Tawny tuco-tuco
- Conservation status: Data Deficient (IUCN 3.1)

Scientific classification
- Kingdom: Animalia
- Phylum: Chordata
- Class: Mammalia
- Order: Rodentia
- Family: Ctenomyidae
- Genus: Ctenomys
- Species: C. fulvus
- Binomial name: Ctenomys fulvus Philippi, 1860
- Subspecies: C. f. fulvus Philippi, 1860 C. f. robustus Philippi, 1896

= Tawny tuco-tuco =

- Genus: Ctenomys
- Species: fulvus
- Authority: Philippi, 1860
- Conservation status: DD

Species of rodent

The tawny tuco-tuco (Ctenomys fulvus) is a species of burrowing rodent in the family Ctenomyidae. It is found in the desert regions of northern Chile and adjoining areas of Argentina.

==Description==
The tawny tuco-tuco grows to a length of 280 to 350 mm, and the subspecies C. f. robustus may grow even bigger. The forehead and the margins of the mouth are dark brown, otherwise the head and back are greyish brown and the flanks are rather paler brown. The underparts are a cinnamon-buff colour and the tail is brownish black, ending in a pale tuft of hairs. The upper surfaces of the feet are buffish white with some dark markings. The karyotype of both subspecies is 2n=26.

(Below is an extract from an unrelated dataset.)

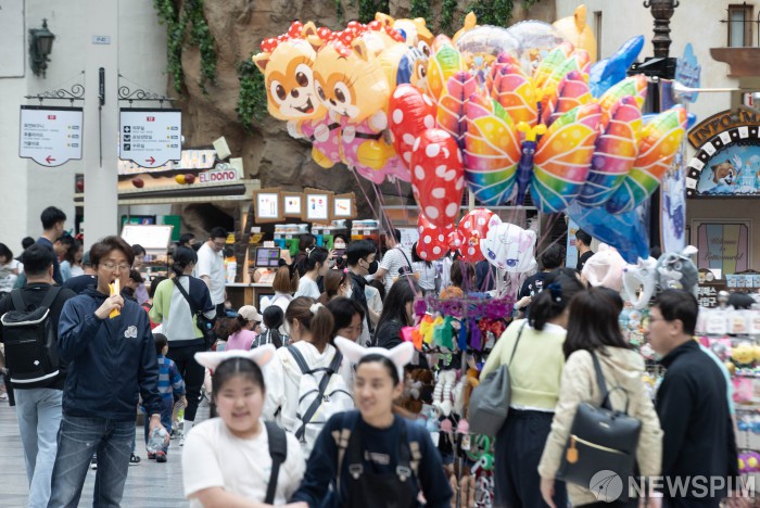 [서울=뉴스핌] 윤창빈 기자 = 어린이날을 맞은 5일 오후 서울 송파구 롯데월드 어드벤처를 찾은 시민들이 아이들과 함께 즐거운 시간을 보내고 있다. 2023.05.05 pangbin@newspim.com

==Distribution and habitat==
This species is native to Argentina and Chile. There are two separate populations; the nominate subspecies C. f. robustus occurs in the Antofagasta Region of Chile and adjoining parts of northwestern Argentina; the other subspecies C. f. fulvus occurs only in the Oasis de Pica in the Tarapacá Region of northern Chile. Four degrees of latitude separate these two areas. This tuco-tuco typically lives in flat areas of desert with sandy soils, creosote bushes (Larrea sp.), and scrub. It also inhabits ribbons of trees growing alongside dry watercourses and creeks.

==Ecology==
Burrows in which to live are dug at least 25 cm deep. The external temperature in these very dry regions can vary between 6 and 62 °C but in the depths of the burrow the temperature normally remains within the range 19 to 25 °C. These rodents are mainly active in the early morning, especially in the dry season. Their diet includes Larrea leaves and roots. The animals derive most of their water requirements from their food, and the stable temperature in their burrows protects them from the lethal effects of overheating.

==Status==
The population of C. fulvus has not been quantified but the animal has a wide range and is presumed to have a large total population. The International Union for Conservation of Nature has rated it as being of "least concern" on the basis that, if its population trend is downward, then the population is not declining at such a rate as would justify putting it in a more threatened category.